I'm both lactose intolerant and I have a "mild sensitivity" to dairy (in the allergic sense). I get allergic symptoms right away (stuffy nose, puffy under eyes), and the GI symptoms (bloating, diarrhea, cramps) withing the two hours.


----------



## Guest (Sep 12, 2000)

Isn't it interesting, how different everyone is? My sister-in-law identified her lactose intolerence shortly after having her gallbladder removed. But it is only milk and real butter that bother her, she can handle cheese, yoghurt and ice cream - things that have been cooked or processed. I have another good friend who has just recently determined that dairy was causing all her gastric and sinus discomfort and cheese and yoghurt are the most reactive. I started drinking lactose free milk to see if it was a gas producer an I can't really see a lot of difference, I tolerate yoghurt well, but if I eat cheese on an everyday basis, I get worse gas problems.


----------



## Delta (Aug 17, 2000)

My lactose intolerance doesn't always affect me withing 2 hours - often it's the next day.It really only affects me that quickly if I eat a LOT of dairy in one sitting.


----------



## e-Fiona (Sep 5, 2000)

Wow, lots of lactose intolerant people here!Delta, what kind of symptoms do you get? I'm going to avoid dairy as of right now and see if this helps. This morning when i had my cereal, I had more milk in it than normal. And I feel worse (lightheaded) than normal now. Yuck!Fiona


----------



## Tiss (Aug 22, 2000)

I do not know if I am officially lactose intolerant, but I can tell you that when I cut out dairy products and most wheat products, my C improved greatly. I only use Soy milk now. Believe me, I was skeptical at first, but really, it tastes just like the real thing! And it helped my gas go away!
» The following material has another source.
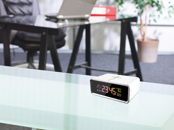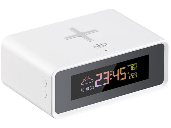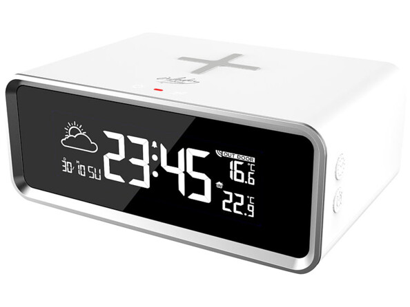 Ne vous laissez pas surprendre par les intempéries : la station météo avec chargeur à induction Qi 10 W vous prévient du temps qu'il fait de façon fiable !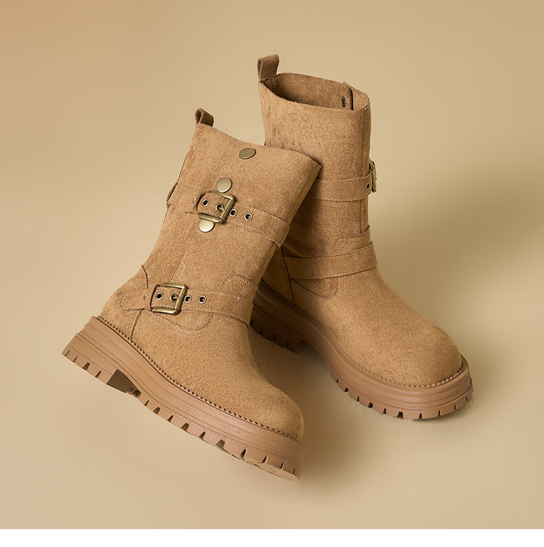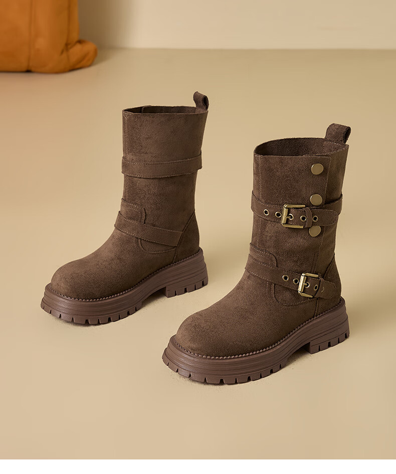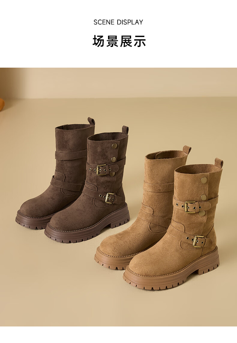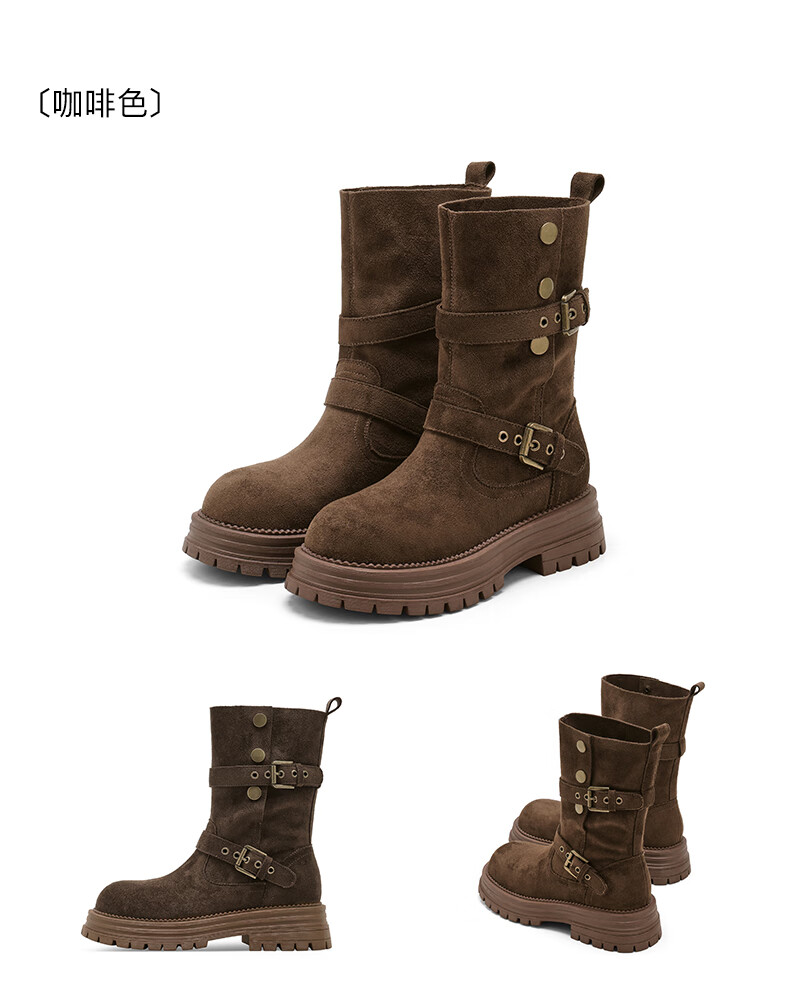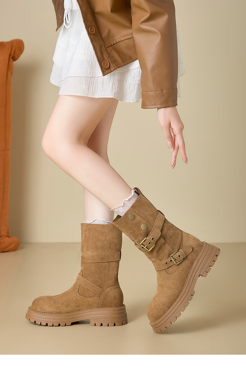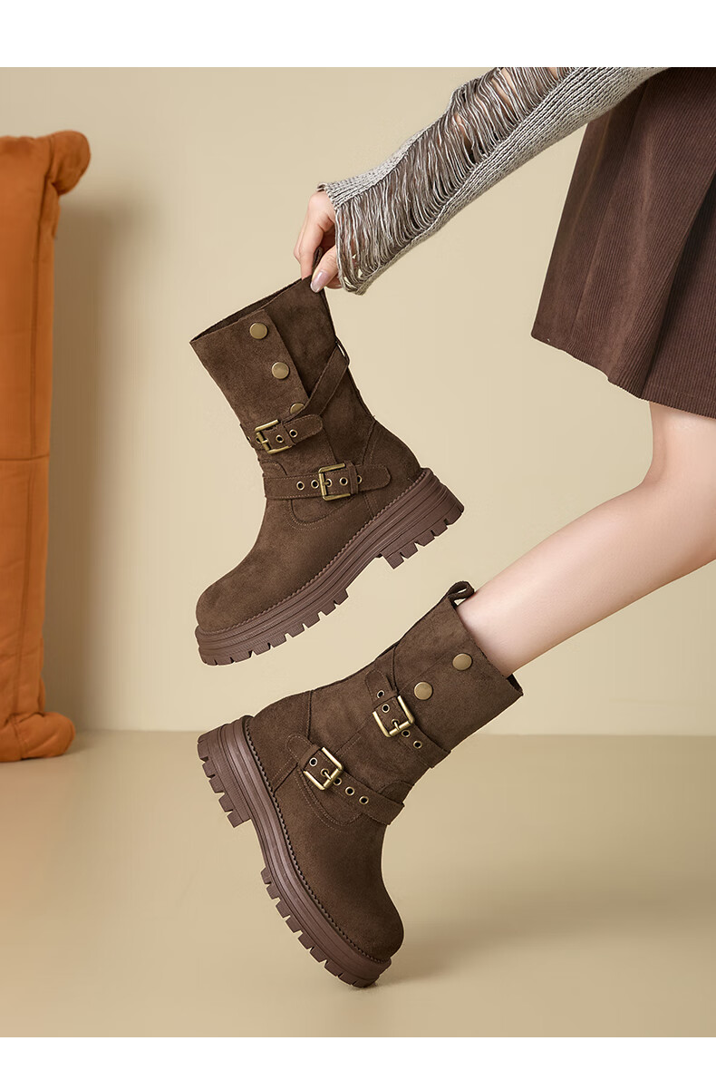 星期六美拉德短靴女款2025新款秋冬咖色骑士靴子女西部牛仔马丁靴 咖啡色【短筒款】 36

The Ezekiel bread also helped with the C.


----------



## e-Fiona (Sep 5, 2000)

I just spoke to my doc and asked her if suddenly feeling very sleepy is a symptom of lactose intolerance and she said it isn't (unless you have D and bloating which may make you feel this way) but I didn't have D right after the milk.So now I need to find out why I feel so tired right after eating (and I didn't eat a lot either!)







Arrrrrggghhh!!!!!I want one of those Star Trek gadgets that McKoy uses for diagnosing illnesses!!!!!!!Fiona


----------



## JennT (Jul 17, 2000)

I don't think sleepiness is a symptom of lactose intolerance, but I think it can be a symptom of allergy. I get very sleepy when I'm allergic.


----------



## Delta (Aug 17, 2000)

e-Fiona: bloating, horrible cramps, lots of d and gas. Basically the same as my IBS symptoms. If I eat a lot of dairy at once it'll bother me right away, but if I eat say 1/2 to 1 cup then it's the next day that it bothers me.MGI said that maybe I'm not lactose intolerant but that maybe dairy is just a trigger for my IBS ---- but I do feel better on lactose free products so I still think I'm lactose intolerant.I've never felt sleepy with dairy but Jenn is right -- if my other allergies are bad I do get very sleepy. Have you changed the brand of milk you're buying? If so the cows may be being fed a different grain/hay/whatever-they-eat that you are allergic to.


----------



## e-Fiona (Sep 5, 2000)

Hi again,Jenn, I never thought of another food allergy! I'll have to trial and error this one as well.Darla, I consume so little milk that I've already bought the Lactose-free stuff. I'm going to start using it.Thanks guys!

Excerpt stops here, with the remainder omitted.